Justin Smoak finds his power to boost Mariners past Twins
The first baseman had a double and a homer in the Mariners' walkoff win — their fourth straight victory.
Seattle Times staff reporter
Minnesota @ Mariners, 1:10 p.m., ROOT Sports
Waiting for Justin Smoak to show off his batting power has become a seasonlong preoccupation for a Mariners team needing offense on nights like these.
And power was something that came in handy for the Mariners in a game that saw both teams pile up the hits but struggle to push runs across. Smoak took care of that issue on one swing with a tying solo home run in the seventh inning, then watched John Jaso deliver a bases-loaded sacrifice fly in the ninth for a 3-2 walkoff win over the visiting Minnesota Twins.
This fourth consecutive win by the Mariners, in front of 21,154 fans at Safeco Field, saw Smoak deliver multiple extra-base hits for only the second time all season. The only time he'd managed that feat before came at Texas back on May 30 in a 21-8 rout by Seattle in which he hit two home runs and also doubled.
"I've been here the majority of the year, but it's just a matter of having confidence up there," said Smoak, who also doubled in the fifth inning. "I feel like I'm there right now. I've just got to stick with what I've been doing and stay confident from there."
The Mariners pushed the winning run across in the ninth after Michael Saunders had opened the inning with a single off relief pitcher Tyler Robertson.
Brendan Ryan tried to bunt Saunders to second and first baseman Justin Morneau was a little too casual in picking the ball up. Morneau threw late to first, everybody was safe, and then a walk to Dustin Ackley loaded the bases with no outs.
"That was a gift," Ryan said of Morneau's botch, the second time this homestand an opposing player has mishandled a bunt in the ninth.
The Twins brought Casey Fien in to face pinch-hitter Jaso, who worked the count full, then drove a ball to left field. Saunders easily beat the throw and the Mariners had their 11th win at home in the last 12 tries.
"It's nice to win a close game," Ryan said. "As a young team, we should be learning how to win these games."
Minnesota had a chance to take the lead in the top of the ninth, loading the bases with two outs on a single and two walks. But Mariners closer Tom Wilhelmsen came on and got the dangerous Josh Willingham to fly out to right field to end the frame.
"I knew he was going to come in hacking," Wilhelmsen said. "They were — even yesterday, he was looking for a fastball, swinging on a fastball. So, I figured I'd start him off with a curveball and sure enough, he hacked. Both pitches. Just got under that fastball a bit and it was enough to get the third out."
Jason Vargas was coming off another strong outing against the Angels in Anaheim, Calif., and had an extra day's rest. He wasn't overpowering, striking out only two batters over 6-2/3 innings of work, but overcame some early problems and was tied 1-1 heading into the seventh.

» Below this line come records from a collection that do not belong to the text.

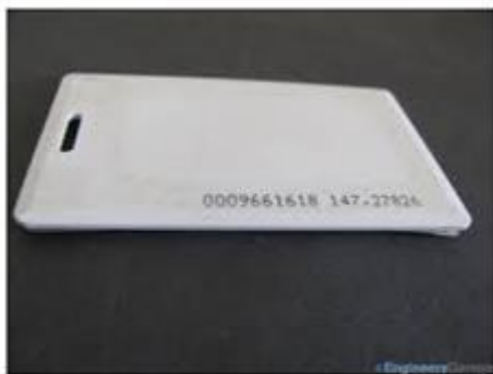
Fig: RFID tag

RFID Tags The Tag is made up of an antenna and a microchip that stores the identification data. The transceiver, also known as a tag reader, and the tag are able to communicate using radio waves. Radio frequencies carry the identifying information. Active and passive tags are the two main categories. Because the Reader's electromagnetic energy is what powers the passive tags in this application, they are called electromagnetic induction tags. These are inexpensive and often used, as seen in Figure
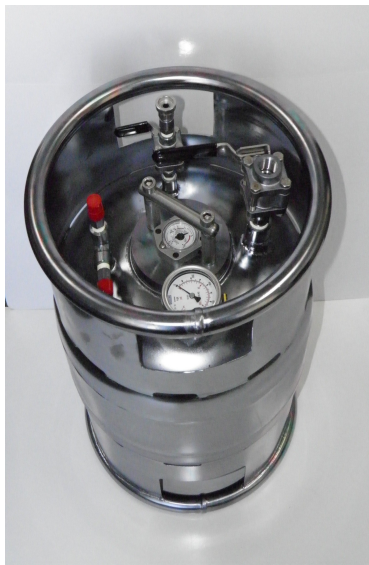
Portable Collection Vessel
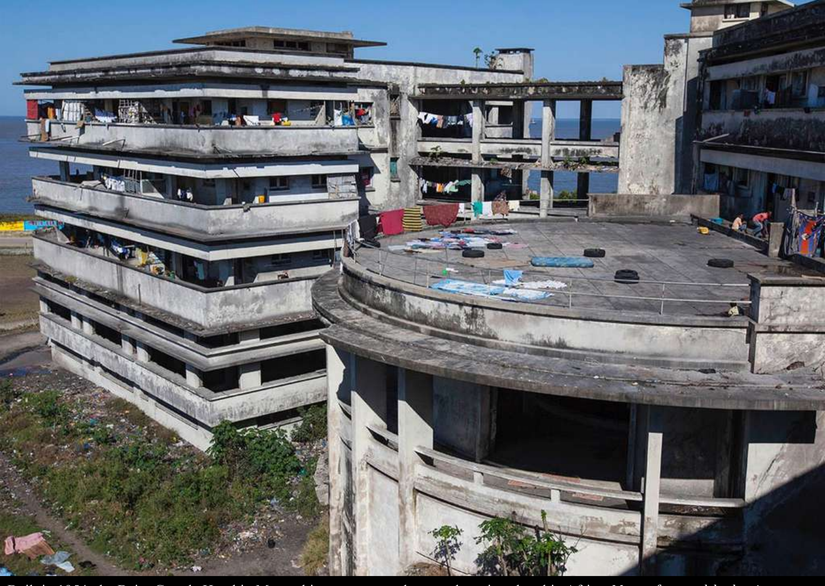
Built in 1954, the Beira Grande Hotel in Mozambique was once the most luxurious hotel in Africa. Meant for wealthy businessmen and tourists, it was both the pinnacle of luxury and of colonial folly. There was no demand for it so they shut it down in 1963.
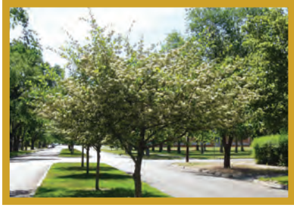
Figure 2: Hawthorn tree (Crataegus spp).

"If a tree is large and the work is off the ground, or if a chainsaw is needed, it's best to contact a qualified arborist," Rosenow adds. "They have the equipment and know how to safely remove broken or downed limbs and to help save and repair trees." If you need professional help, locate a qualified tree care specialist and che
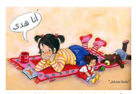
Fig. 10: Arabic language and lettering in Taufiq/Spanjardt (illust.), Huda bekommt ein Brüderchen (n. pag.)

lar group, on the one hand, and to form the sense of belonging to the community, on the other.<sup>24</sup>
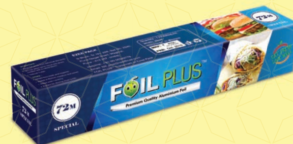
Foil Plus Aluminium Kitchen Foil 72 m special | 300 mm x 11mic
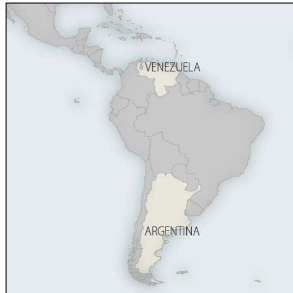
Figure 4. Latin America

President Rouhani has generally expressed only modest interest in further expanding ties in Latin America, perhaps in part because Latin America continues to account for less than 6% of Iran's total imports. 144 He made his first visit to the region in September 2016—three years into his presidency—in the course of traveling to the annual U.N. General Assembly meetings in New York. He went to several of the countries that Foreign Minister Zarif did when Zarif met with leaders in Cuba, Chile, Bolivia, Ecuador, Nicaragua, and Venezuela in August 2016—the countries in that region that Ahmadinejad visited during his presidency as well. Iran's officials have stated that the purpose of the visits were to expand economic relations with Latin American countries now that international sanctions on Iran have been lifted.

"I was trying to limit the damage and just keep making pitches," Vargas said. "You control the damage, know where you're at, don't let the game speed up and try to keep your team in the game."
But Vargas saw three of the first four hitters line singles to left field in the seventh to load the bases with one out. Joe Mauer then grounded into a fielder's choice in which the Mariners got the out at second but couldn't complete the double play, allowing the go-ahead run to score.

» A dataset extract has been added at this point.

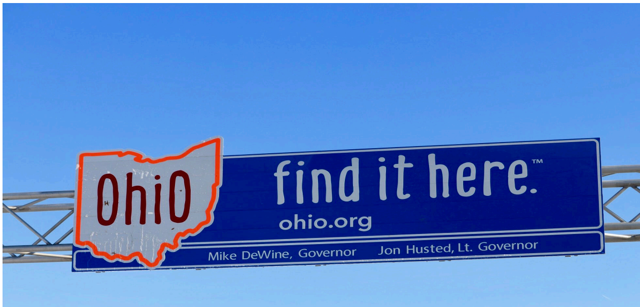
(Figure 1.1 - Why is it the Got Milk? font?)
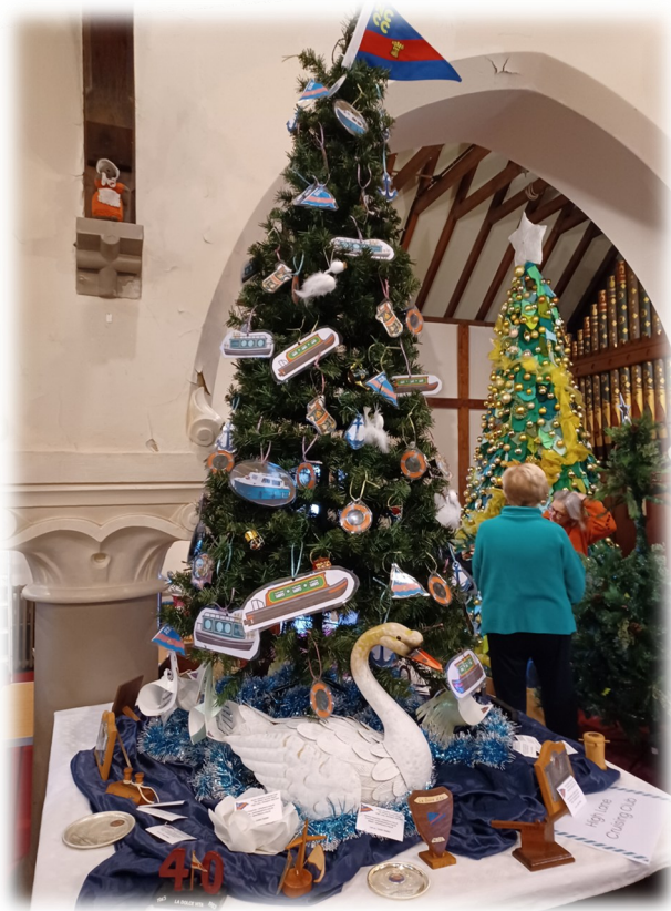
North Cheshire Cruising Club's entry into the '12 Days of Christmas' at St Thomas Church High Lane

Vargas exited at that point, his pitch count at 113. Josh Kinney came on and ended the inning with a ground out.
Smoak quickly tied it up in the bottom of the inning, getting all of a full count offering from Twins starter Scott Diamond and putting the ball over the wall in left center. The solo homer was the first long ball for Smoak since July 17 in Kansas City, a monthlong drought that saw him dispatched to Class AAA to work on his swing.

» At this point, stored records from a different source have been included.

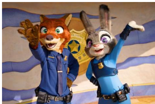
Judy and Nick welcome guests to Zootopia

The Walt Disney Company has a rich 100-year legacy of incredible storytelling, as shown in the highly popular film Zootopia . In China, the film broke box office records to become the country's highest-grossing imported animated feature film of all time, a title that it still holds as of press time. The new land is a wonderful example of the opportunities Disney has to bring new stories to life in immersive ways all around the world. Starting tomorrow, guests visiting Zootopia will be able to enjoy one-of-its-kind
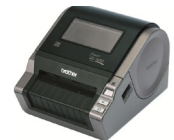
Label Printer (optional)
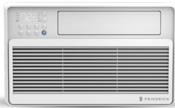
WINDOW INSTALLATION ONLY CCV08, CCV10, CCV12
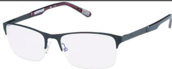
CTO-ESTIMATOR-004 Matte brown / Solid green

The last game in which Smoak had multiple extra-base hits also helped him clinch honors as the American League's Player of the Week. Smoak said that the confidence he's feeling now is similar to what he felt then.
"That's the confidence you need to have day-in and day-out, and that's something I've learned," Smoak said. "You struggle and you try to learn from it. That's something I think I've learned from. No matter what happens out there, you've got to stay positive, and that's where I'm at right now."
Mariners manager Eric Wedge said it helped to have a game-changing swing by Smoak on a night his team hit the ball hard but had little to show for it on the scoreboard.
"That's the ability he has, that's the impact he can have from both sides of the plate," Wedge said. "He's obviously had better AB's since he's been back here."